Synthesis of miRNAs and Sequences of miRNA Inhibitor.

Human and rat miR-1s (FIG. 5) and their respective mutant constructs (see below) were synthesized by Integrated DNA Technologies (IDT, Inc.). The sequence of AMO-1 is the exact antisense copies of their mature miRNA sequences (for rat: 5′-ATACACACTTCTTTACATTCCA-3′) (SEQ ID NO:12); for human: 5′-TTACATACTTCTTTACATTCCA-3′) (SEQ ID NO:13)), and the sequences of the mismatched AMO-1 (Mis-AMO-1 for negative control) carry ten mismatched nucleotides to miR-1 mainly at the 3′-end (for rat: 5′-CGCTACACTTCTTTATCGGTTA-3′) (SEQ ID NO:14). The AMO-1 and Mis-AMO-1 contain 2′-O-methyl modifications at every base and a 3′C3 containing amino linker.

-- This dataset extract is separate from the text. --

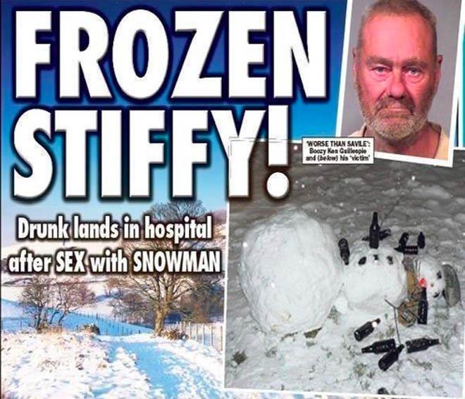 Kenet je očigledno, potpuno pijan, želeo da iskoristi rupu u velikoj snežnoj skulpturi, a o posledicama nije ni mislio. Povrede koje je zadobio su vrlo ozbiljne.

Mutagenesis. Nucleotide-substitution mutations were carried out using direct oligomers synthesis for miR-1 (MT miR-1) and PCR-based methods for the 3′UTRs of GJA1 and KCNJ2 genes.

For Rat Genes:

MT miR-1:
(SEQ ID NO:15)
3′-UAUGUGUGAAGAAA-AACCGAUG-5′;
MT 3′UTR of GJA1:
(SEQ ID NO:16)
···2992-AAACUAAUGUGUUUGUUGGCUAC-3015···
and
(SEQ ID NO:17)
···1805-CCCCCCAAAAAAAAAUUGGCUAC-1827···;
3′UTR of KCNJ2:
(SEQ ID NO: 18)
···1181-GCUUUUCUUUCUUUGCUUGGCUAC-1202···.

For Human Genes:

MT miR-1:
(SEQ ID NO:19)
3′-AAUGUAUGAAGAAA-AACCGAUG-5′;
GJA1:
(SEQ ID NO:20)
···2953-UUACUAAUUUGUUUGUUGGCUAC-2976···;
KCNJ2:
(SEQ ID NO:21)
···2574-GCUUUUCCUUUUGCUUGGCUAC-2594···.

All constructs were sequencing verified.

Supplemental Methods

Rat Model of Myocardial Infarction

Male Wistar rats of 230-270 g were randomly divided into control and myocardial infarction (MI) groups. Myocardial infarction was established as previously described in reference (25). The rats were anesthetized with diethyl ether and were placed in the supine position with the upper limbs taped to the table. Chest skin was cleaned with 70% ethanol and a 1-1.5 cm incision was made along the left side of the sternum. The muscle layers of the chest wall were bluntly dissected to avoid bleeding. The thorax was cut open at the point of the most pronounced cardiac pulsation. Using forceps to widen the chest, the abdomen and the right side of the chest were pressed to push the heart out of the thoracic cavity. The left anterior descending (LAD) coronary artery was occluded and then the chest was closed back. All surgical procedures were performed under sterile conditions. Twelve hours after occlusion, the heart was removed for Langendorff perfusion experiments or the tissues within ischemic zone (IZ), boarder zone (BZ) and non-ischemic zone (NIZ) distal to the ischemic zone were dissected for measurement of miR-1, GJA1 and KCNJ2 levels. Control animals underwent open-chest procedures without coronary artery occlusion. Use of animals was in accordance with the regulations of the ethic committees of Harbin Medical University.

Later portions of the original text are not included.